▼

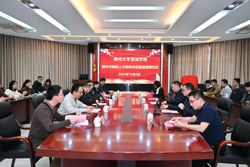 2024年12月3日,福州市网信人才培养示范基地在六合彩开奖结果 挂牌设立。原中国科六合彩开奖结果 高能物理研究所网络安全实验室首席科学家许榕生、福建中信网安信息科技有限公司副总经理廖秀聆、福州市委网信办、福州广播电视台相关负责人,六合彩开奖结果 至诚党委副书记林文麟、副院长游毅、院长助理兼教务处处长邵艳群、教务处副处长兼实践教学办主任姚东生、计算机工程系主任刘延华以及计算机工程系部分师生代表参加了授牌仪式。福州大学六合彩开奖结果 副院长张栋主持授牌仪式。
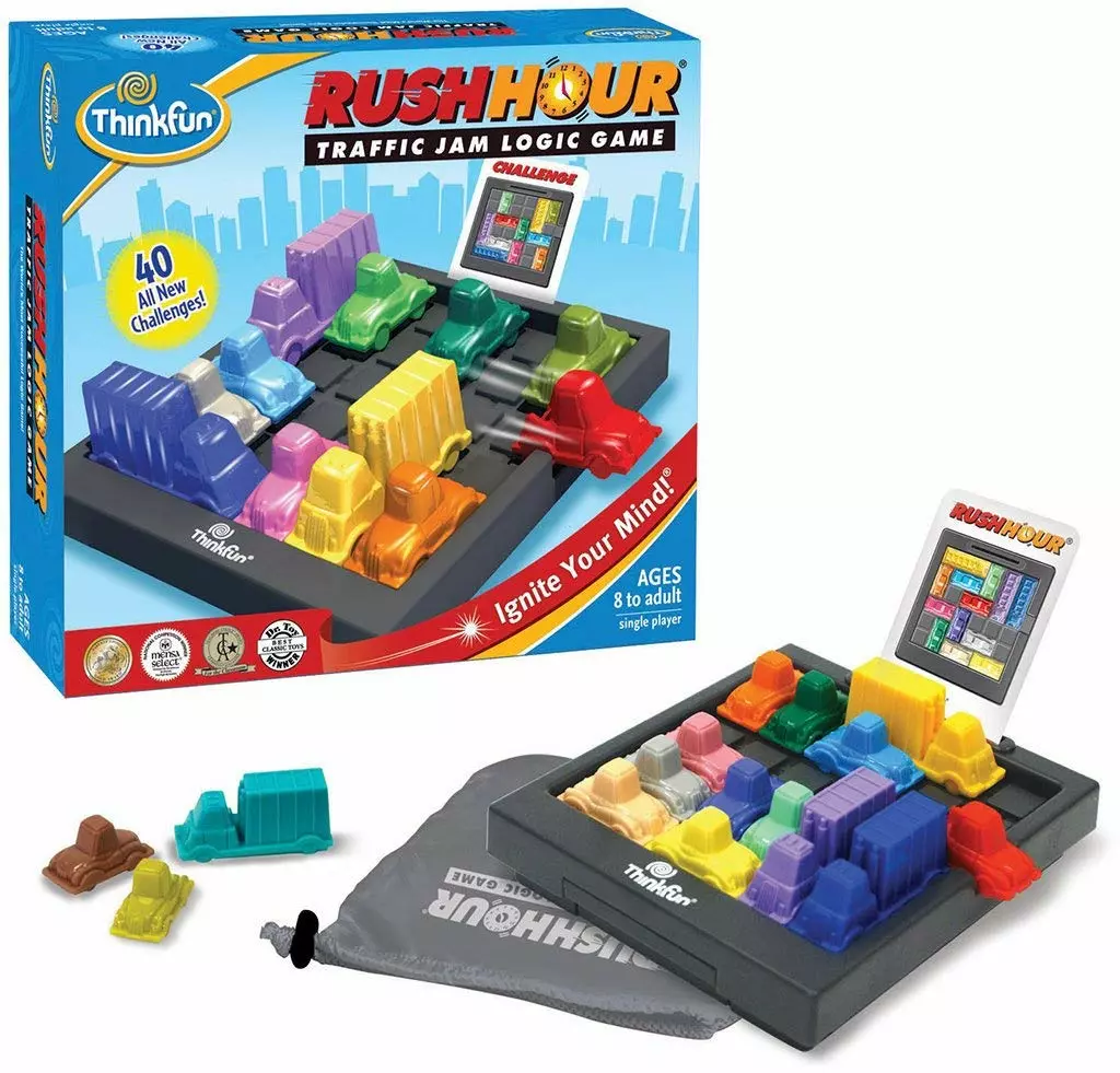 - What you get – Rush Hour is the classic traffic jam logic game and one of the all-time most popular STEM toys and gifts for boys and girls ages 8 and up. Contains 40 challenges from beginner to expert, a game grid, cars, and a game-go storage bag.
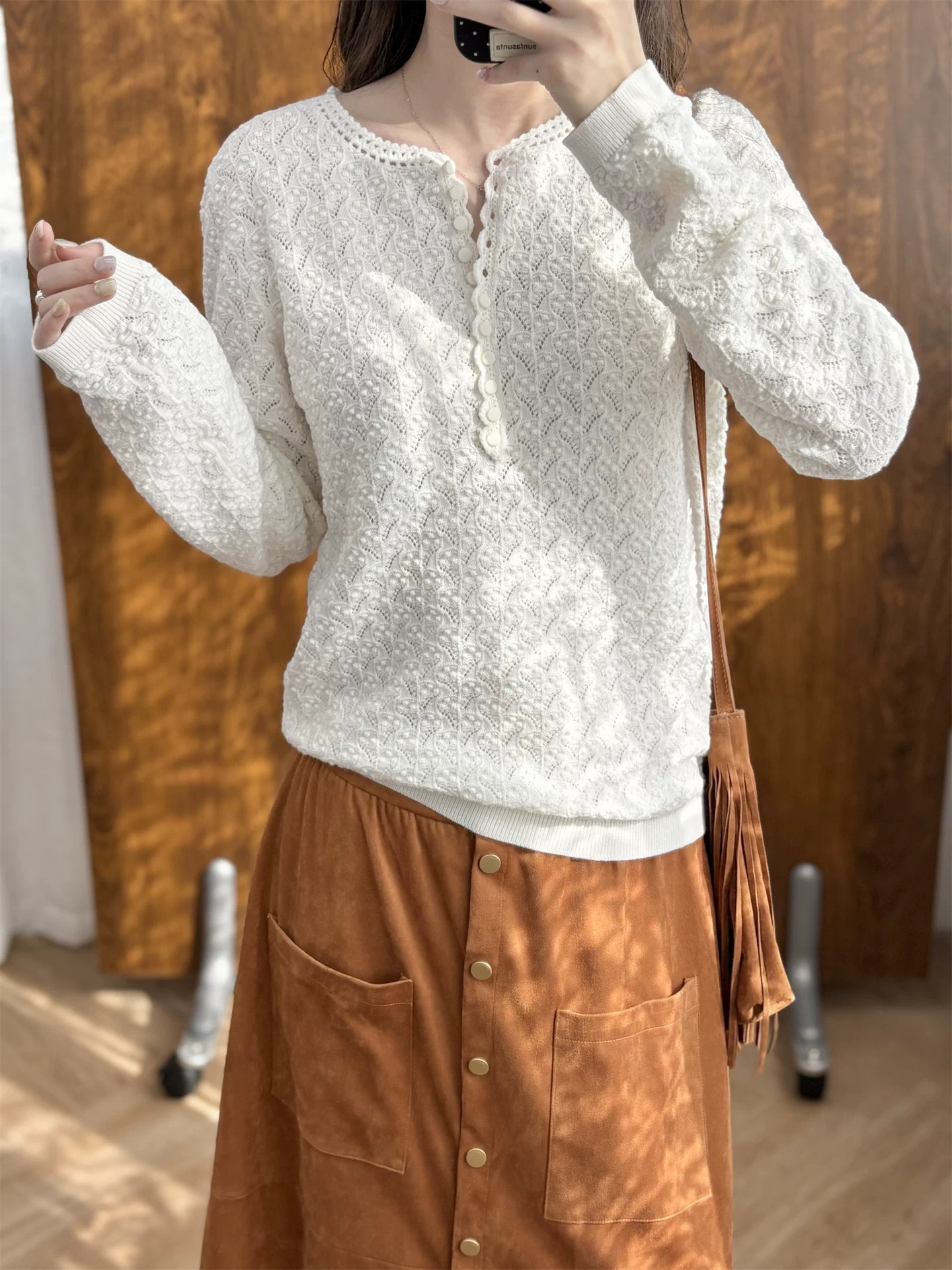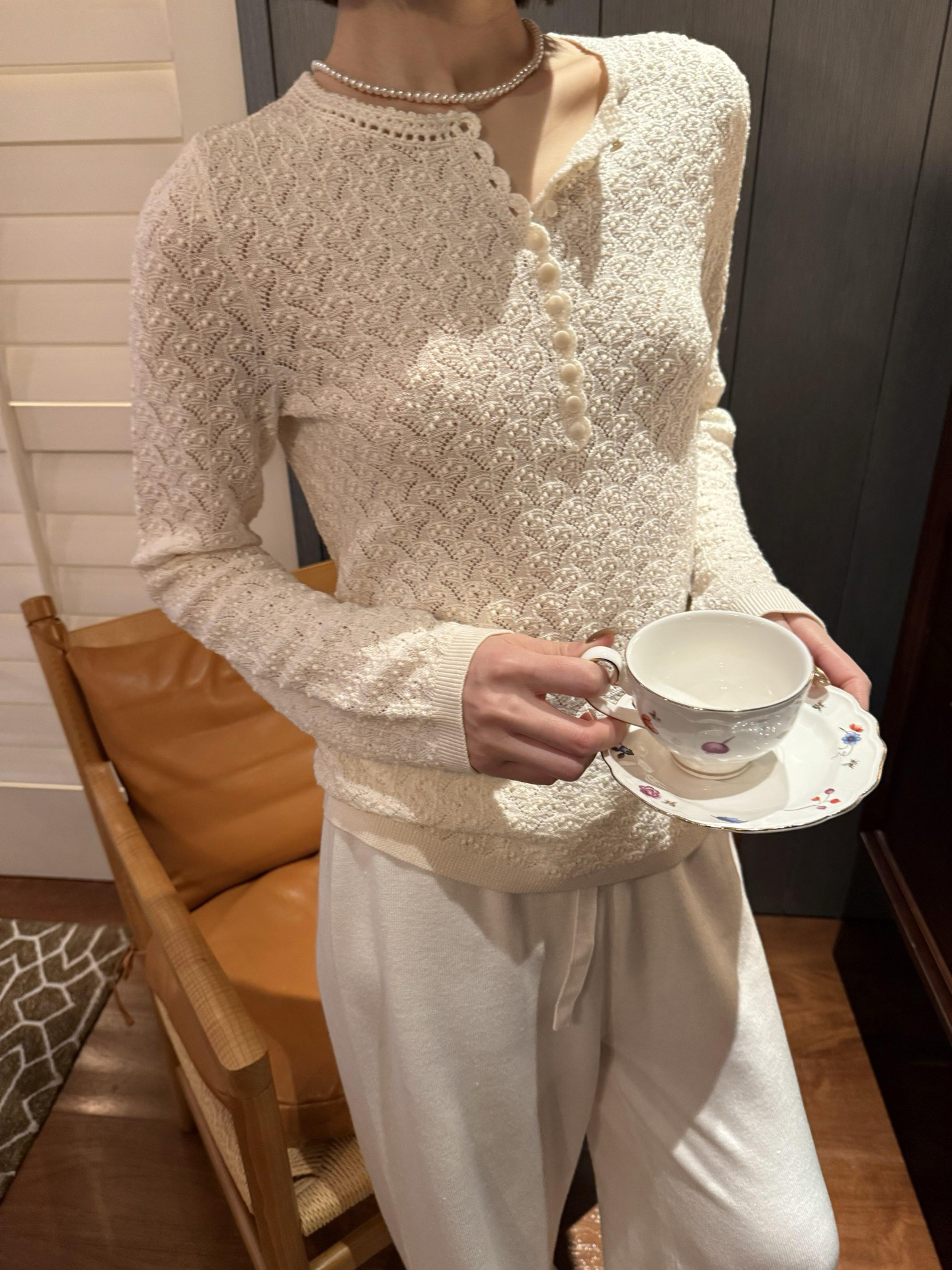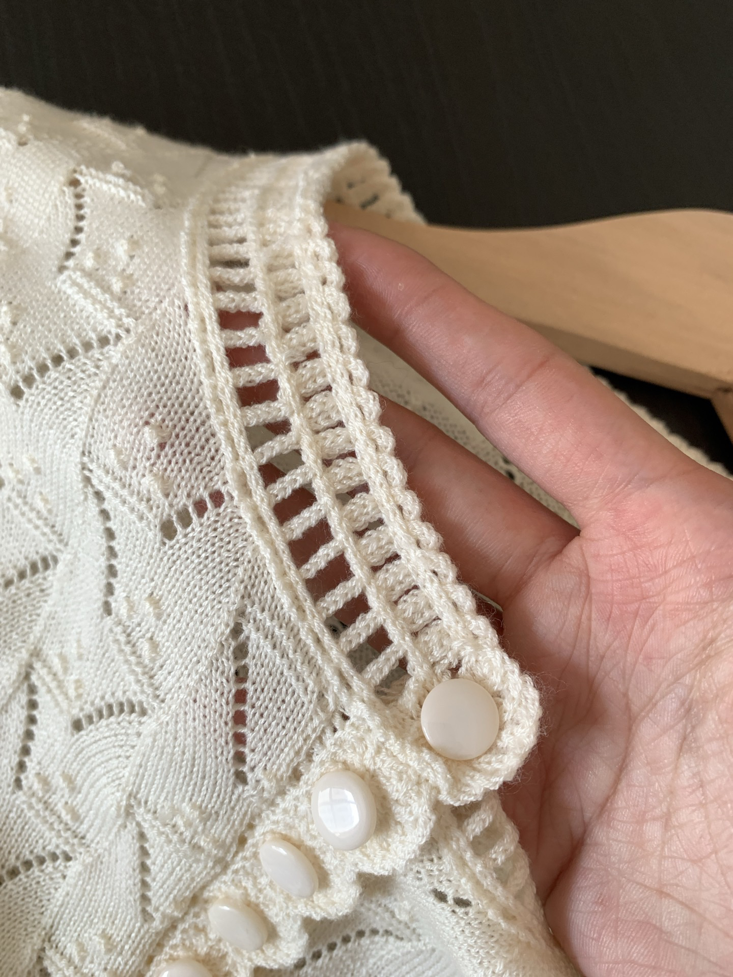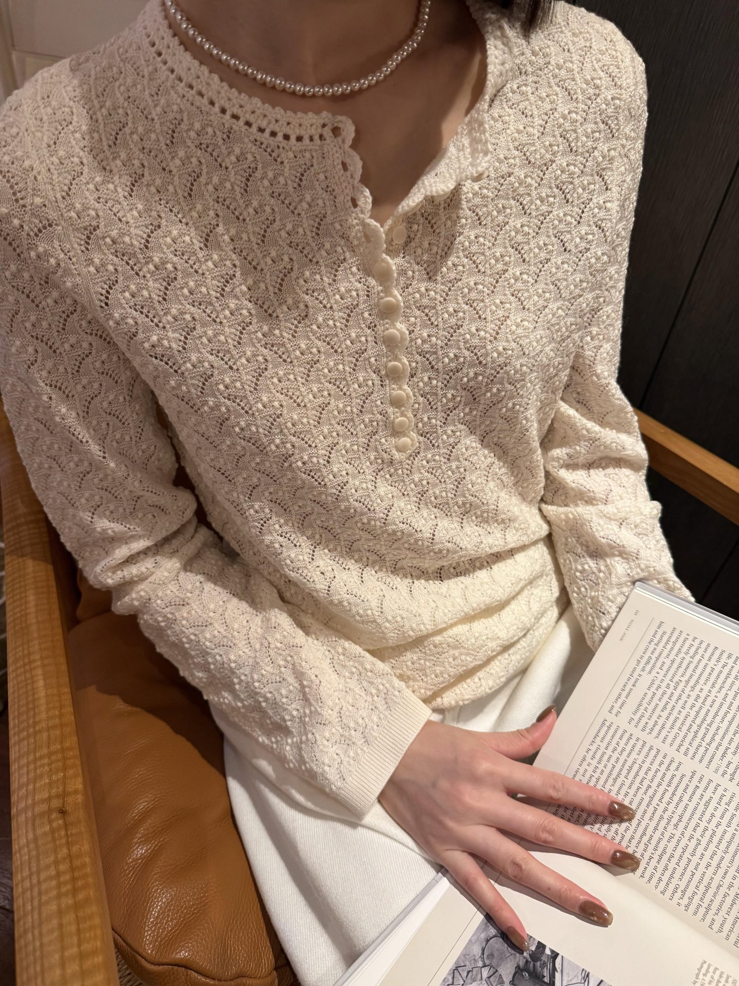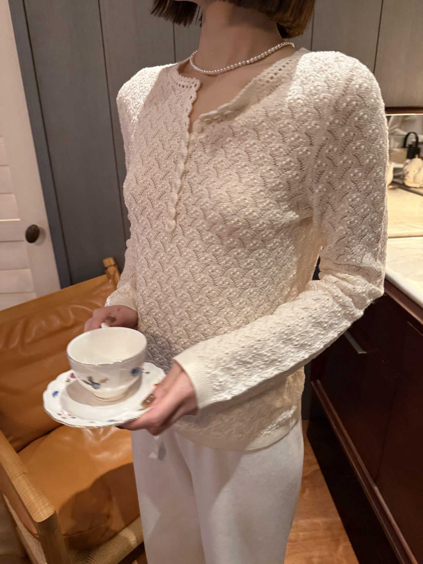 镂空领边配立体花纹挑洞针织,亨利领式的纽扣花边半开襟,定制米白蘑菇扣,纽扣可以解开。

▲

**Task instructions**. Make an exact copy of the listing above. Its pictures are not needed.

**Problem solution**.
 2024年12月3日,福州市网信人才培养示范基地在六合彩开奖结果 挂牌设立。原中国科六合彩开奖结果 高能物理研究所网络安全实验室首席科学家许榕生、福建中信网安信息科技有限公司副总经理廖秀聆、福州市委网信办、福州广播电视台相关负责人,六合彩开奖结果 至诚党委副书记林文麟、副院长游毅、院长助理兼教务处处长邵艳群、教务处副处长兼实践教学办主任姚东生、计算机工程系主任刘延华以及计算机工程系部分师生代表参加了授牌仪式。福州大学六合彩开奖结果 副院长张栋主持授牌仪式。
 - What you get – Rush Hour is the classic traffic jam logic game and one of the all-time most popular STEM toys and gifts for boys and girls ages 8 and up. Contains 40 challenges from beginner to expert, a game grid, cars, and a game-go storage bag.
 镂空领边配立体花纹挑洞针织,亨利领式的纽扣花边半开襟,定制米白蘑菇扣,纽扣可以解开。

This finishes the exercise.